What you read here is just the beginning. So much happened at CES that will literally set the tone for the rest of the year and beyond.

Snapdragon 800, Qualcomm’s new flagship mobile chip, boasts speeds of 2.3 GHz per core in a four-core processor. That’s better than a lot of laptops, enabling speeds demanded by most gamers with half the power of previous processors. Not sure what that means? It means Ultra HD video that provides four times better resolution than the pixels demanded by HD video for not just display, but for capture and send as well.

In healthcare that’s HUGE. Sure, YouTube and Netflix videos are huge, but consider a doctor who specializes in a treatment needed by a patient 10, 100, 1000 or even 10,000 miles away. How about a panel of doctors, all examining the patient with the clarity of Ultra HD?

Combine that with apps like the one being developed at Worcester Polytechnic Institute in Worcester, Massachusetts, which can pick up subtle changes in skin color by scanning blood vessels.

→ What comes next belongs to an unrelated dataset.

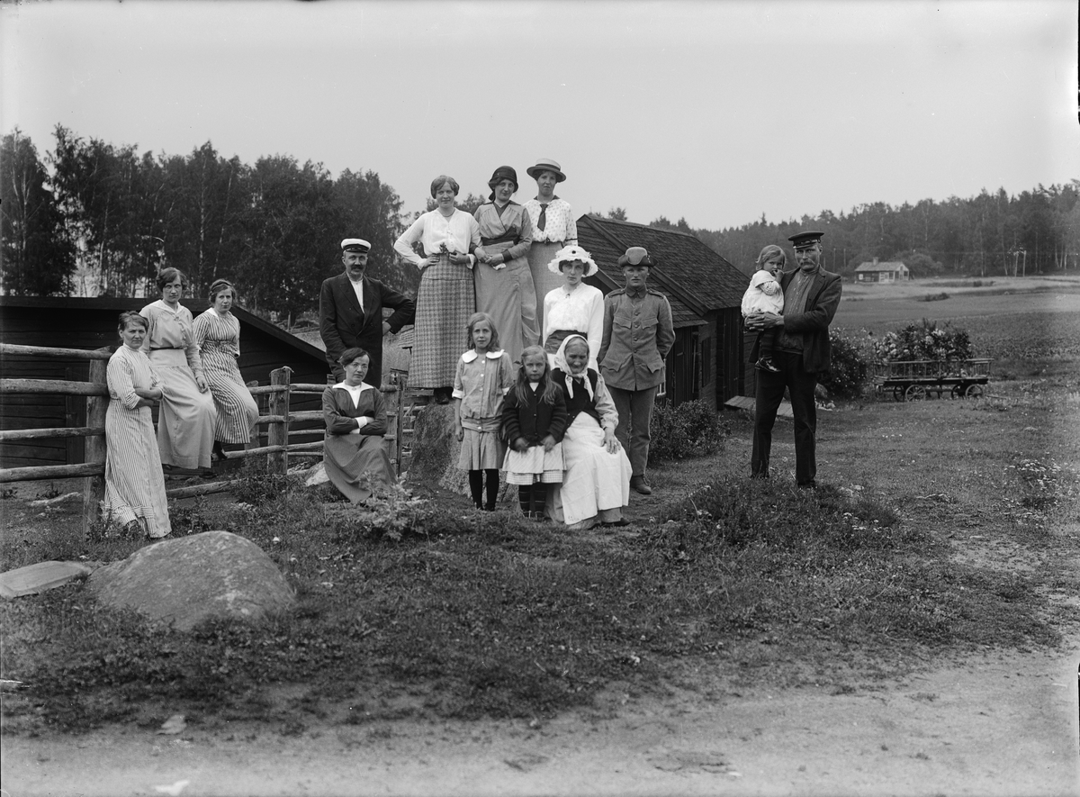 Kvinnor, män och barn ståendes vid hägnad, Uppland

Using a mobile device you can measure heart rate, heart rhythm, and respiration rate. Combine that with an external pulse oximeter and a mobile camera scan of the patient’s index finger which will yield blood oxygen saturation in just a minute. As if that’s not enough, after all the data is collected, the app will alert you if the heartbeat is irregular, indicating a possible atrial fibrillation.

Born Mobile isn’t a new generation of trendy kids with the latest devices. Sure, that’s part of it, but it’s the businessman who’s on the go, it’s the smartbooks in the classrooms, the grandparent who video-chats with the grandkids. Born Mobile is the underserved gaining new access to healthcare and connectivity where there was none and the doctors who treat those patients from across the world without ever leaving their offices. It’s everyone who buys the 1.2 billion smart devices that will be bought next year and the 5 billion that will be sold by 2016. It’s you. It’s me. It’s the future of healthcare.